The question of land property titles is a common source of conflict between indigenous communities and federal authorities all over the Americas. A new Panamanian law have led indigenous communities to reach out to archaeologist Dr Natalia Donner. A grant from the Centre for Indigenous American Studies (CIAS) will help her work on the ensuing, unique, heritage project. ‘This is a box I have always wanted to check!’

Monumental petroglyph 'La Mola' in the province of Darien

Historic occupation

Natalia Donner has been conducting archaeological research in the province of Darien (Panama) for the last couple of years. Large areas of this province have been declared as National Parks, limiting the options of land sovereignty for indigenous communities who inhabit the area. ‘The land is in the hands of the national government,’ Donner explains. ‘My team and I established a collaboration with an ecologist who works with local communities. She told us about the new regulations related to protected areas. In this law is stated that if indigenous communities can prove historic occupation, they will gain the property of the land, as long as it will be sustainably maintained.’

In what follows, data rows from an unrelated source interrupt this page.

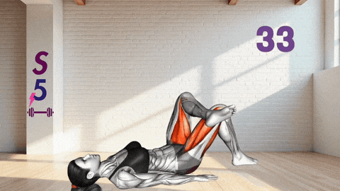 → 仰卧,右脚踝搭在左膝上成"4"字形。呼气用左脚跟发力抬起臀部
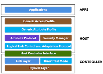 Here’s a diagram showing the different levels of the architecture of BLE:
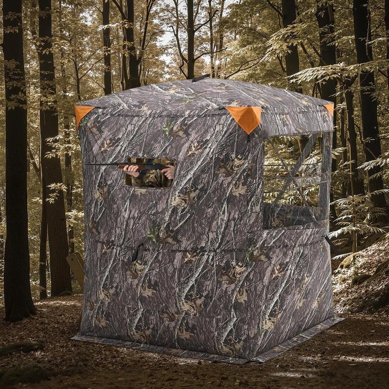 This hunting blind is built for durability. The design includes a carrying bag for easy transport. The blind's structure allows for a quiet hunting experience, thanks to its silent zipper door and window. It's a reliable choice for turkey and deer hunting, ensuring a comfortable and secure environment.
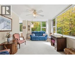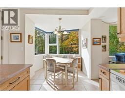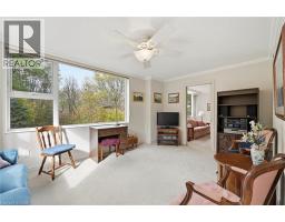 Spacious Corner Suite Overlooking Spencer Creek - 77 Governor’s Road, Dundas, Unit 207. Welcome to The Spencer Creek Village - built as one of Canada's most energy-efficient boutique condominiums, surrounded by nature and community. This 1,638 sq. ft. corner suite offers a thoughtful layout with a welcoming foyer and hall. The bright, open-concept formal living and dining areas are separated by pocket doors to the kitchen and den and framed by oversized picture windows with serene views of trees, gardens, and the creek below. Elegant crown moulding, a crystal chandelier, ceiling fan, polished floor tile, and custom blinds are just a few of the luxury upgrades. Enjoy a sunny, airy kitchen with a walk-out to the balcony, ceramic floors and backsplash, custom cabinetry, under-counter lighting, built-in desk, full-length pantries, double sink with garburator and instant hot water, and a large centre island open to the extended eating area filled with natural light for casual dining. The den, with its commanding views of the conservation area, is perfect for an office or TV room, while the spacious primary bedroom includes a large walk-in closet and full ensuite with a generous linen closet. A second bedroom, also with a walk-in closet, and an additional bathroom offer flexibility for guests or family. Additional features include two underground parking spaces, a private storage unit, in-suite laundry, and abundant closet space. The second-floor location allows access by elevator or stairs via the secure entry system. This well-maintained building offers beautiful landscaping, visitor parking, central air conditioning, a fitness room, sauna, guest suite, library, gathering lounge, and outdoor BBQ - all steps from nature trails and downtown Dundas conveniences. A rare opportunity to relocate without compromise - surrounded by comfort, quiet, and community. (id:61594)
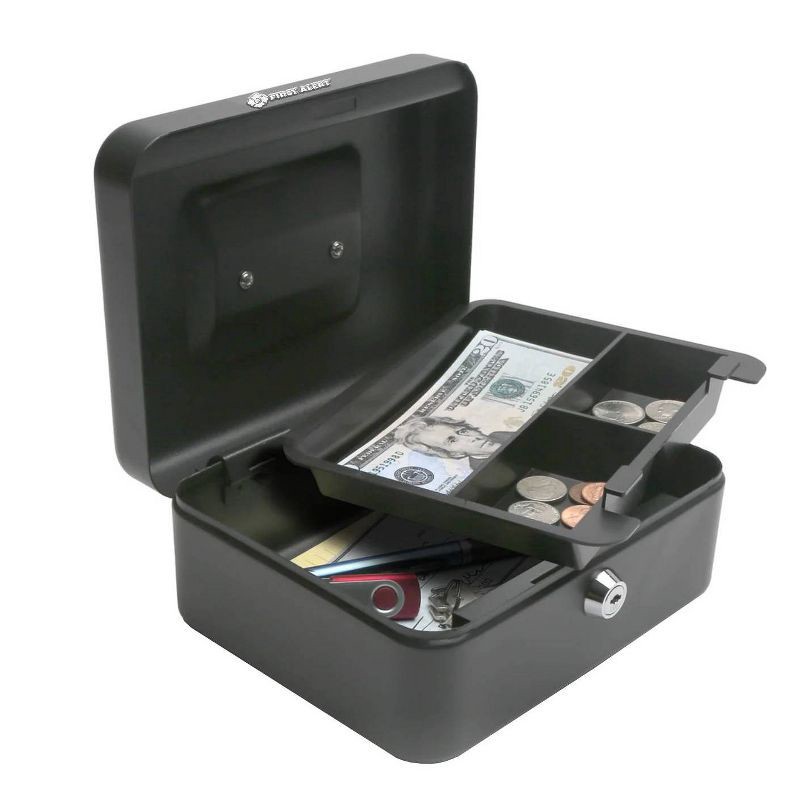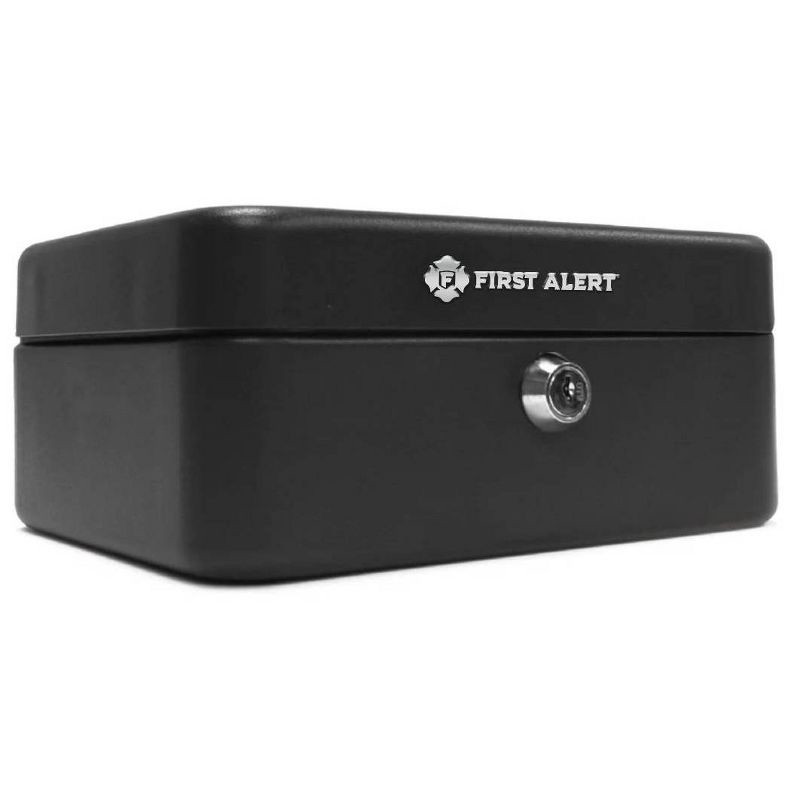 First Alert Cash Box: Steel Security Safe, Black Key Lockbox with Removable Tray, Money Safe for Cash & Valuables
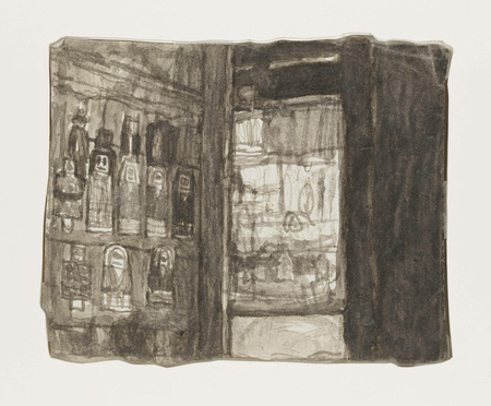 Он самостоятельно делал «папки» из обрезков картонных коробок и аккуратно складывал туда свои работы. Каждая такая папка имела внутреннюю логику: одни группы работ объединялись по тематике, другие — по времени создания или по типу изображённого пространства (точно не известно).
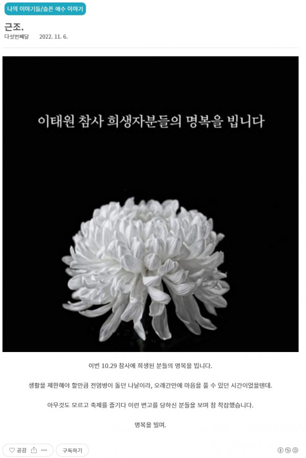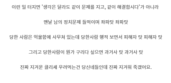 그런 주제에 이번 사건에 대해 애도합니다. 이런 소리하는게 제일 역겨운겁니다.
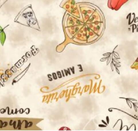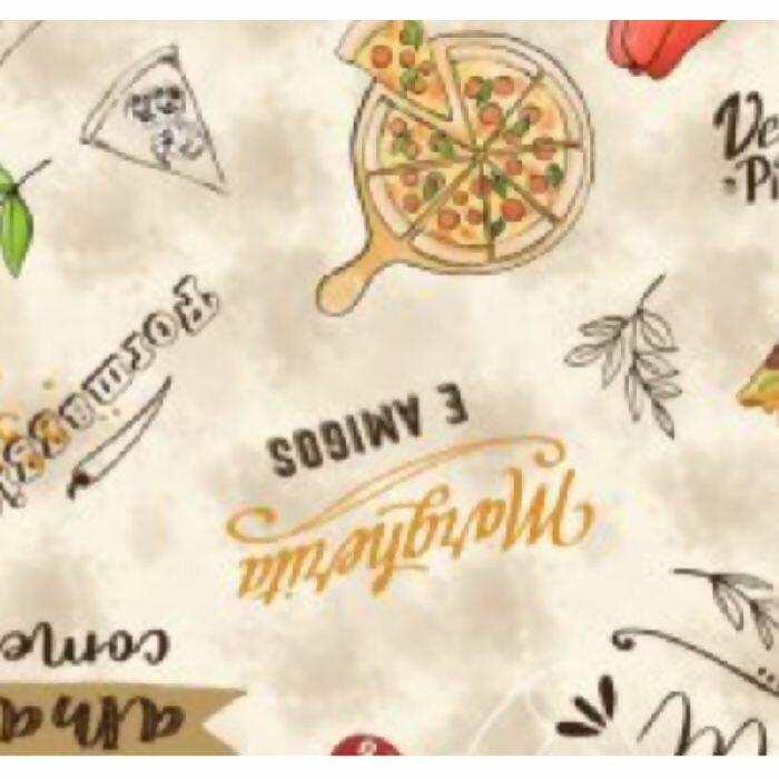 Descrição Tecido Tricoline Digital Pizza Fundo Bege
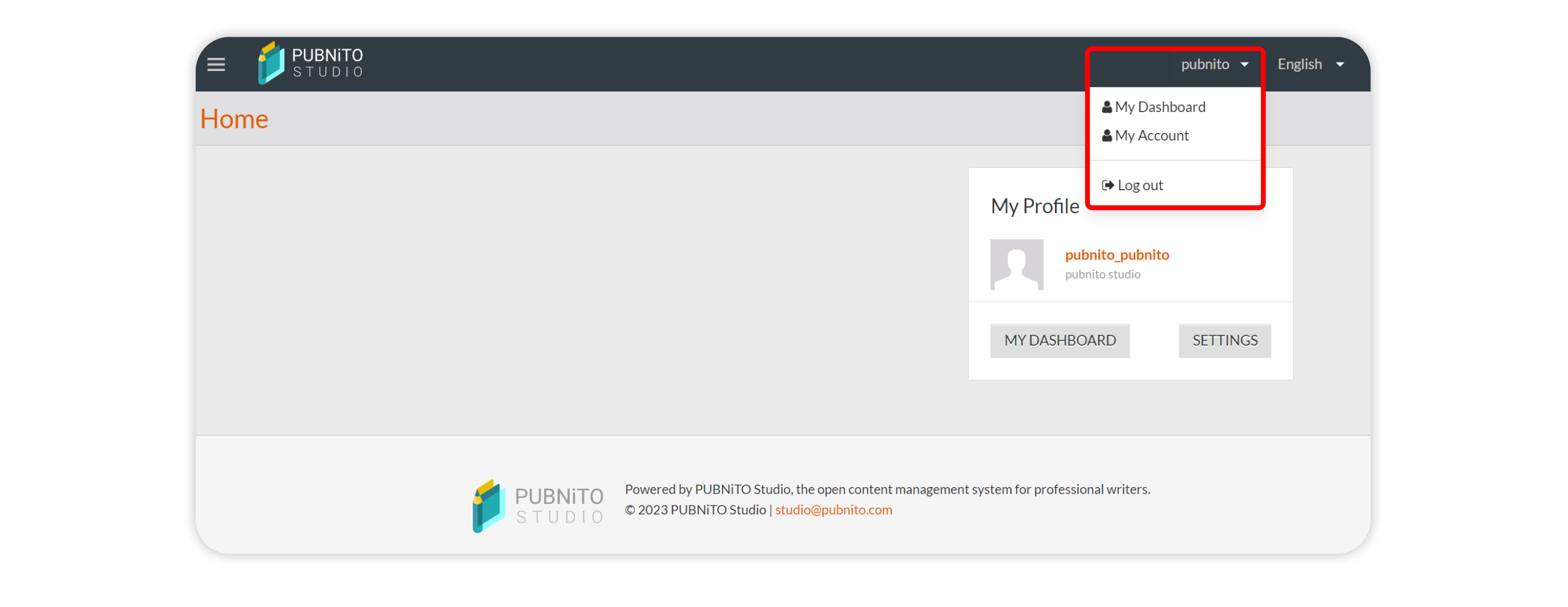 On the left side of the menu, you will find links to the Home page and My Dashboard.
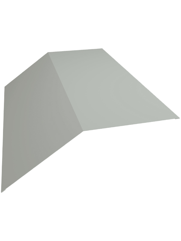 Планка плоского конька 115x30x115 Grand Line с покрытием Полиэстер 0,45 мм RAL 9003 доборная планка обязательная для установки на скатной кровле, причем из-за уменьшенных габаритов до кровельного перекрытия в 115 миллиметра применима на крышах с большим углом возвышения, а также в жарких климатических зонах. Пропускная вентиляционная способность значительно снижена, но сохраняется за счет небольшого сформированного центрального канала шириной 30 миллиметра. Добор элегантно декорирует гребень крыши, где и монтируется, а также защищает подкровельное пространства от прямого воздействия осадков. Планка плоского конька сформирована в виде развернутого угла из тонколистового кровельного металла с многослойным декоративно-защитным покрытием в цвет.
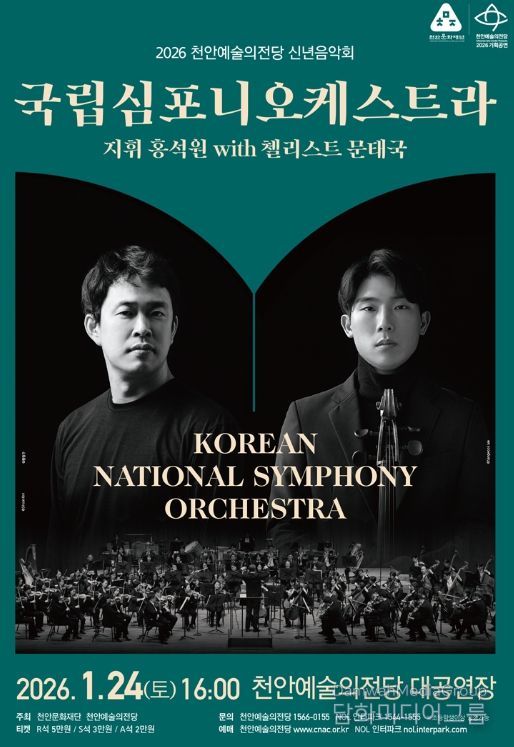 시민행정신문 강갑수 기자 | 천안문화재단은 내년 1월 24일 천안예술의전당 대공연장에서 ‘국립심포니오케스트라 with 지휘 홍석원, 협연 첼리스트 문태국’ 신년 음악회를 개최한다고 밝혔다.
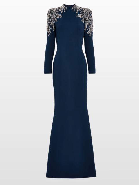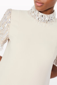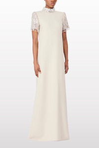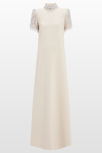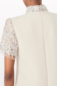 Understated yet undeniably glamorous, this gown is cut in a sleek, statuesque silhouette with softly flared proportions. Its high neckline and short sleeves are framed with tonal sequin and bead embellishment, adding a refined contrast of texture and light. Ideal for a formal dinner or a sophisticated evening event, it offers quiet drama with contemporary polish.
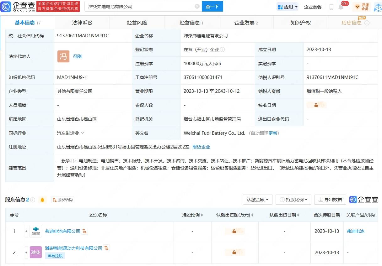 近日,濰柴弗迪電池有限公司成立,法定代表人為馮剛,注冊資本10億,經(jīng)營范圍含電池制造,電池銷售,技術服務、技術開發(fā)、技術咨詢、技術交流、技術轉讓、技術推廣,新能源汽車廢舊動力蓄電池回收及梯次利用等。

This is where archaeology comes in. ‘Following this law, a local community invited us to come and work on a collaborative research project. Usually, we western archaeologists barge in with our own agenda and then we collaborate with locals, but this is the other way around now!’ She grins. ‘This is a box I have always wanted to check!’

Collaborative mapping

And it is collaborative in the full sense. ‘While it is complex and against the national heritage laws to go there and train the local community on how to excavate a site, we are training them to visually record them with photographs and include them in their legal claims. Together, we will be able to add the archaeological layer to their ongoing collaborative mapping endeavors.’

Donner also employs her background in ethnographic filmmaking. ‘We are sharing with them audiovisual techniques, so they can capture their views and perspectives, as well as share in their own language their experiences working with archaeological heritage.’ These videos will be posted to YouTube, inspiring other communities who speak the same language to follow in their tracks.

Giving back

The project makes an interesting case-study on cultural heritage. ‘For years archaeologists and the national government have been seen as the entities who take away heritage.’ Donner elaborates. ‘Large stone sculptures have been taken away from the communities in order to protect them from theft or destruction’. These monuments were later stored in depots in Panama City. Now, finally, archaeologists may be able to give something back to the communities, in the form of land rights. The question about the inequalities pertaining land and cultural heritage rights of indigenous peoples, however, is something that we need to critically examine and consult with the communities to understand which direction we should take.'


The launch of the project now has been hampered by the pandemic. ‘We are facing an ethical problem. Even though we could find a way to go physically, how ethical is it to visit an area in which health care facilities are extremely limited?’ Doing it remotely is hardly an option. ‘They are literally in the middle of the tropical forest. They do have cell phones, but mobile internet reception is quite elusive. We won’t go until we are vaccinated, and we are sure that we cannot spread the virus.’